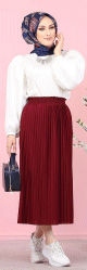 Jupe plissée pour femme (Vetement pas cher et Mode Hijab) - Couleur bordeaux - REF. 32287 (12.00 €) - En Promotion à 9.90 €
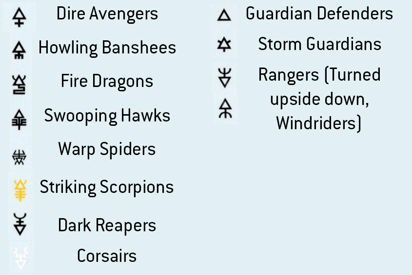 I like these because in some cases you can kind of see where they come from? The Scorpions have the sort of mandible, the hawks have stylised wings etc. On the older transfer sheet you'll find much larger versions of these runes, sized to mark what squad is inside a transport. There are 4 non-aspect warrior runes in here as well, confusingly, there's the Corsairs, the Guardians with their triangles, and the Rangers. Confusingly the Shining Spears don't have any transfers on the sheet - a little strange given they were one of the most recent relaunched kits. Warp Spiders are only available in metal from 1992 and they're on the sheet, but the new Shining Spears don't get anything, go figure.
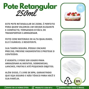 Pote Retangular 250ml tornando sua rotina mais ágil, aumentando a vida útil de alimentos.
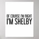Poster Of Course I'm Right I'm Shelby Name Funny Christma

**Your objective:**
Output the lines above in full and exactly as given, omitting any pictures.

**Result for this task:**
 Jupe plissée pour femme (Vetement pas cher et Mode Hijab) - Couleur bordeaux - REF. 32287 (12.00 €) - En Promotion à 9.90 €
 I like these because in some cases you can kind of see where they come from? The Scorpions have the sort of mandible, the hawks have stylised wings etc. On the older transfer sheet you'll find much larger versions of these runes, sized to mark what squad is inside a transport. There are 4 non-aspect warrior runes in here as well, confusingly, there's the Corsairs, the Guardians with their triangles, and the Rangers. Confusingly the Shining Spears don't have any transfers on the sheet - a little strange given they were one of the most recent relaunched kits. Warp Spiders are only available in metal from 1992 and they're on the sheet, but the new Shining Spears don't get anything, go figure.
 Pote Retangular 250ml tornando sua rotina mais ágil, aumentando a vida útil de alimentos.
Poster Of Course I'm Right I'm Shelby Name Funny Christma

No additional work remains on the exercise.